This is an update to my
I emailed Paul Jansen again, with a link to Andrew Sterling Hanenkamp’s blog post and mine. Here’s Paul’s reply:
Sorry for not answering yet. I am heading a successful company, which means loads of work to do;-)… Your chances increase in case you ask me the same question more than once.
Here are the results for the TIOBE index run for today. The query that has been applied is +”<language> programming”. Here is an overview of the number of hits:
1. Perl – Google: 966,000
1. Python – Google: 584,000
2. Perl – Yahoo: 2,570,000
2. Python – Yahoo: 2,170,000
3. Perl – Google Blogs: 164,518
3. Python – Google Blogs: 90,393
4. Perl – MSN: 1,210,000
4. Python – MSN: 965,000
5. Perl   – YouTube (marginal influence): 8
5. Python – YouTube (marginal influence): 52
So Python is closer to Perl for Yahoo and MSN if compared to the Google and Google Blogs hits. You only calculated Google and Google Blogs, so this might explain our different conclusions.
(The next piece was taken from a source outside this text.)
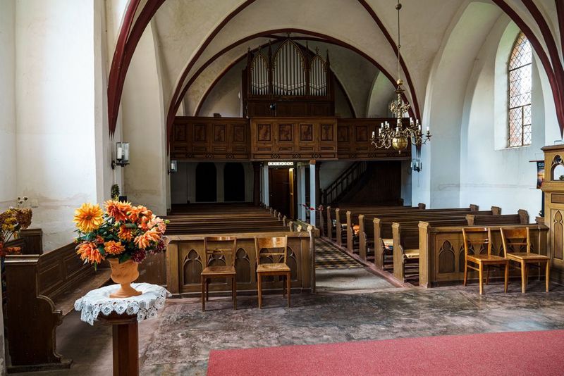 Auf dem Kirchhof befindet sich ein freistehender Glockenstuhl mit einer Bronzeglocke. Unmittelbar neben der Kirche steht das um 1600 als barocke Dreiflügelanlage errichtete Schloss Schmarsow, dessen Außensanierung weitgehend abgeschlossen ist und das derzeit zu einem anspruchsvollen Ferienhotel mit historischer Möblierung und Raumfarbigkeit hergerichtet wird. Einen Kirchenschlüssel bekommen Sie im Dorf bei Frau Gisela Triphan, Dorfstraße 19 oder Frau Gabriele Kelch, Dorfstraße 71.
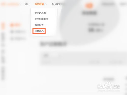 点击我的联盟下拉按钮中的结算中心,如图

It is possible that there was a temporary peak for Python in January. This occurs often when a language is in the spot light for some reason.
BTW. All this results in a score for Perl of 5.930% and for Python of 4.595%. I hope this answers your question!
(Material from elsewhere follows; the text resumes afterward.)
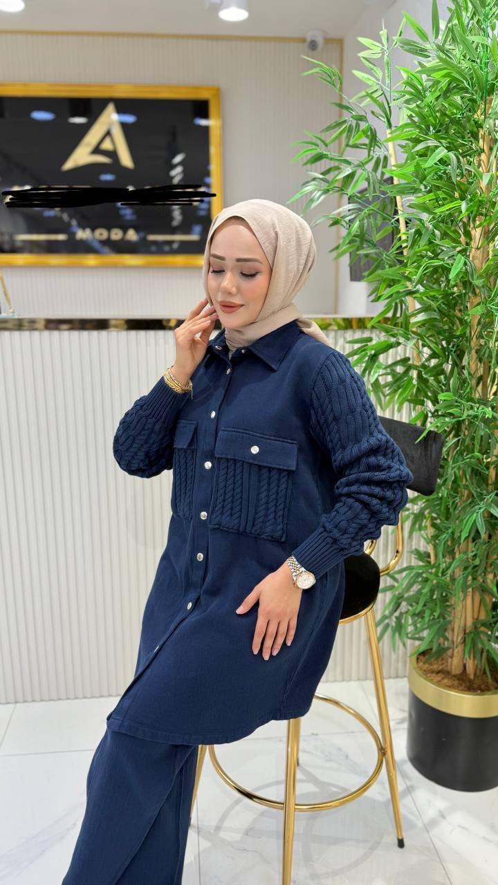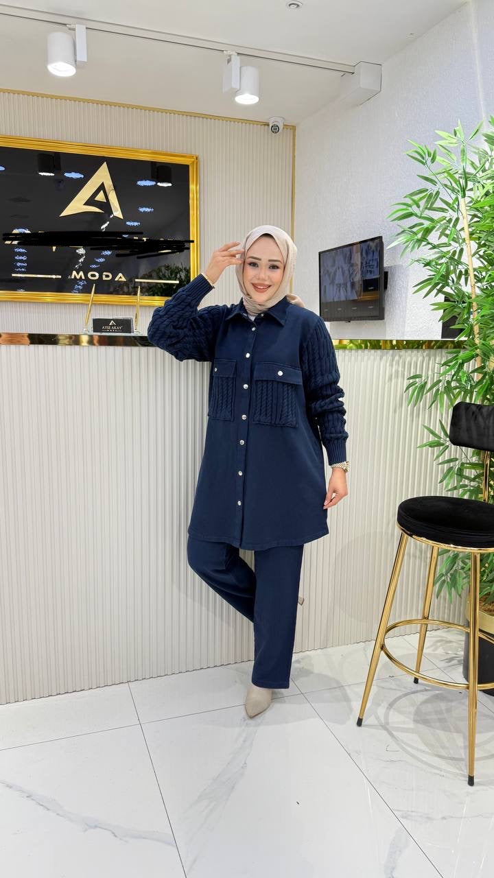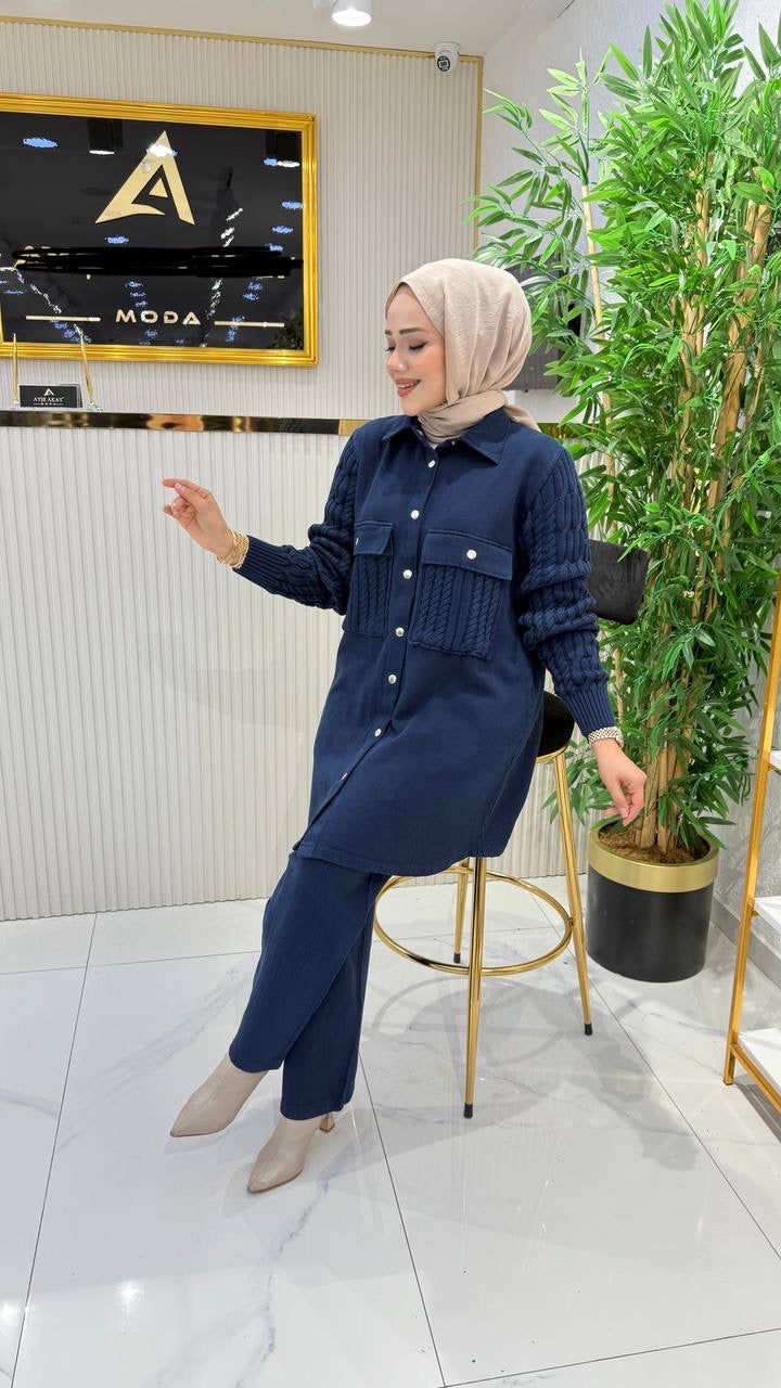 %100 pamuk kumaş ve triko detaylı takım, lacivert

The difference in hit count between Google and Yahoo is remarkable. Perhaps Yahoo crawls deeper. Perhaps Google is smarter about discarding duplicate content. I suspect the latter. (I’ll talk more about the differences between search engines in another post.)
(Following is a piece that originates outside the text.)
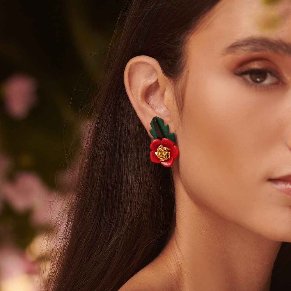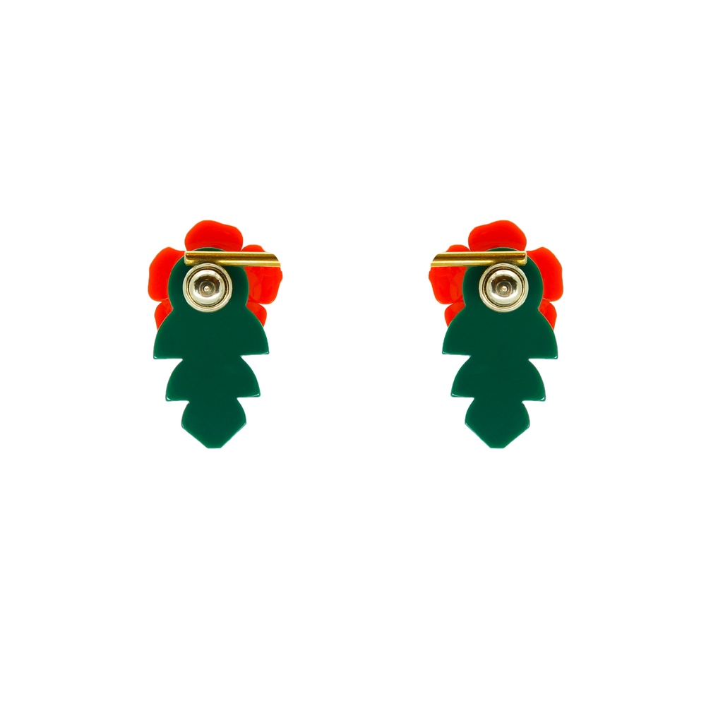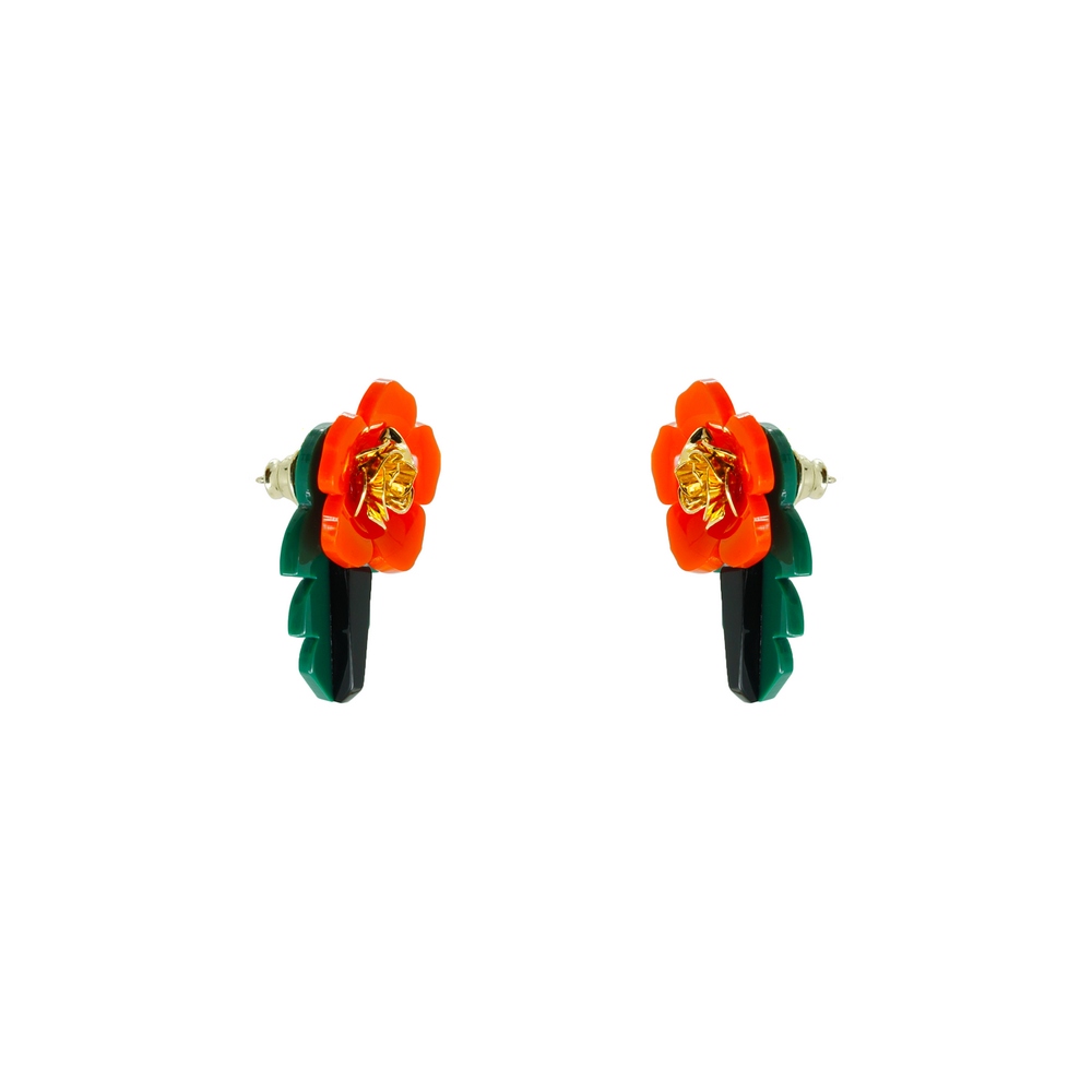 Brinco de acrílico, modelo curto, com aplicação em metal com acabamento dourado. Feito à mão por artesãos brasileiros.

The difference also highlights a problem with the TIOBE methodology. They’re combining the absolute hits from each search engine before normalizing. That will bias the TIOBE results towards search engines that give high hit counts. Are the results from Yahoo really twice as significant as the result from Google? You can argue it either way, but I think TIOBE should normalize the results from each search engine separately and then combine them. That would give the Yahoo view of programming language popularity equal weight to the Google and MSN views.
(Update 2008-04-21: Turns out that they do normalize each search engine separately, so I’ve struck out those two paragraphs. However, normalizing each search engine separately then raises the issue of how the normalized results are combined. My reading of the current definition is that they all get equal weight. So the question shifts from “Are the results from Yahoo really twice as significant as the result from Google?” to “Are the ~60 results from YouTube really just as significant as the ~1,500,000 results from Google?”)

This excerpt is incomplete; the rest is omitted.